PINNs offer several advantages over traditional methods and ensure that the solutions are not only data-consistent but also physically accurate. In Figure 1 an active learning (AL) cycle with a PINN as Model is depicted. The queries from the Selector are directed towards an Oracle which is in our case a FEM simulation. The AL cycle uses Eq. (1) where $L_{data}$ measures the mean squared error between a predicted u and a true $u_{true}$ solution variable (for instance, the prediction of the electric potential), and is therefore trained in a supervised manner.

While the physics loss Eq. (3) $L_{pde}$ uses the residual $R\left(PDE\right)$ and ensures adherence to the PDE. This loss term operates solely unsupervised on the predicted solution variable u.
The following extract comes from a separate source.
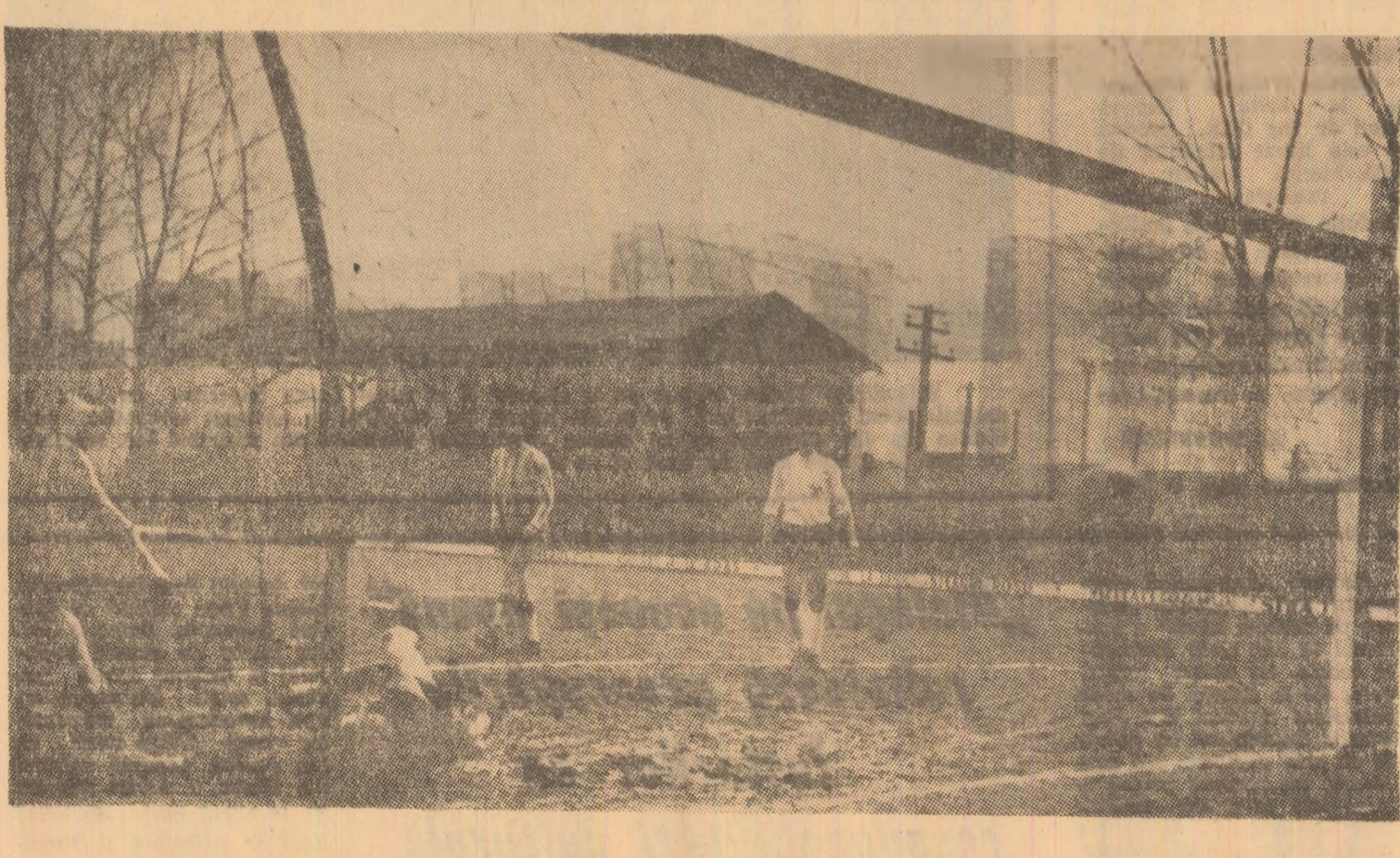
Minutul 3: Voicu deschide „supapa” golurilor, la Lupeni...

This integration allows PINNs to handle sparse data effectively, making them particularly useful in real-world applications where data is limited [6].

We use this AL cycle to train the PINN starting from two different initial states. In Scenario 1 the model is initially trained completely unsupervised, using the physics-informed loss (3) only, and then data is provided by the oracle to continue the following iterations semi-supervised on $L_{total}$. In Scenario 2, we use ground-truth data for supervised training right from the start and therefore use $L_{total}$ as a loss function. Additionally, to these two modes of training, PINNs can naturally incorporate multi-physics problems and seamlessly handle high-dimensional spaces, providing a flexible and efficient approach to solving complex PDEs.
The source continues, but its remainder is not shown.